Some of the environments are gorgeous, and the Marines are still really good-looking

So, what of the plot, the atmosphere, and the general 40K-ness – that particular metric by which so many of the franchise’s games live or die? While it’s not quite got the exact scale and quality I remember from 2011, having aged, much of the atmosphere is still there, especially when it comes to the enormous factories, huge trains and mega-architecture of the Forge World on which the game is set. Some of the texture-work is a bit muddy and there’s some low-res stuff on close inspection (and a couple still-image skyboxes) but the general impression is there.

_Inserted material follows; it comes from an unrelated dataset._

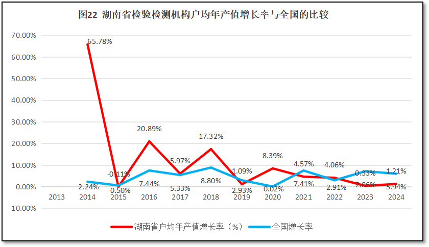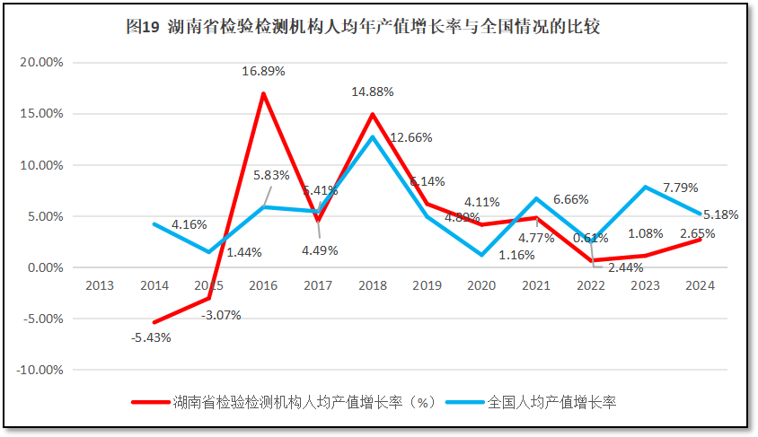 再来看湖南省检验检测机构人均年产值增长率与全国人均年产值增长率的比较,如图19所示。
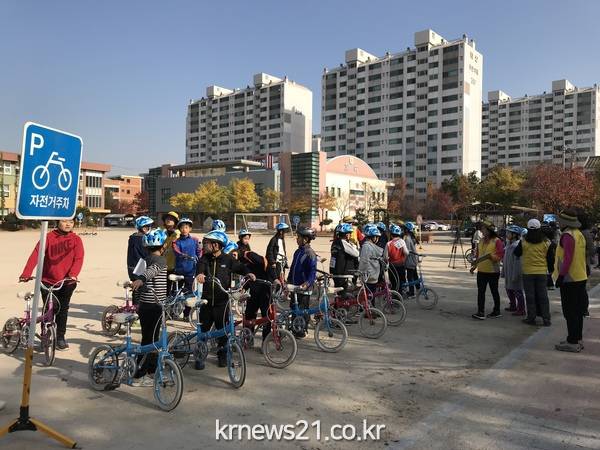 이날 안전대회에는 올해 자전거안전교육을 받은 10개 초등학교 11개 반 학생 284명이 참가해 ‘자전거 OX 퀴즈’, ‘자전거 코스 주행’, ‘이어달리기’ 등 자전거를 활용한 게임을 하며 자전거를 안전하게 타는 방법을 배웠다.

Many of the outdoor environments are where the game’s age really shows, and while you can argue that the bombed-out grey hab-blocks and brownish trenches are authentically part of the setting, they’re not executed with huge success, feeling a bit low-detail. Don’t let this detract too much though, as many of the good bits really do kick ass. I remember being stunned by how cool the Marines themselves look, and they still look excellent now. The lighting is a particular strength, and as Titus’s big ol’ power-boots thud down the hallway of a ransacked factory-cathedral, purity seals streaming from his hyper-detailed armour, the game feels really alive. 

Speaking of Titus himself, people really love this guy. I think he’s sort of the classic ‘protagonist Space Marine’ of the sort you see in a lot of 40K material. By that I mean he doesn’t hew too closely to the Imperium’s bureaucratic rules (plot-relevant), has a distinct human side, and lacks that sort of helmeted transhuman inscrutability that other stuff will often lean into. In this way, he reminds me of other centre-stage Space Marines who get given a more empathetic view for the benefit of the audience, like the Horus Heresy’s Garviel Loken. He’s flanked by a limited secondary cast, mostly just grizzled-veteran Sidonus and rulebound rookie Leandros, who’s always there to bother Titus when he strays from the official policies of Space Marinery. The voice cast is still notably solid, with Mark Strong’s turn as the very-shiny cool-dude Titus sounding about as heroic as ever a Space Marine has.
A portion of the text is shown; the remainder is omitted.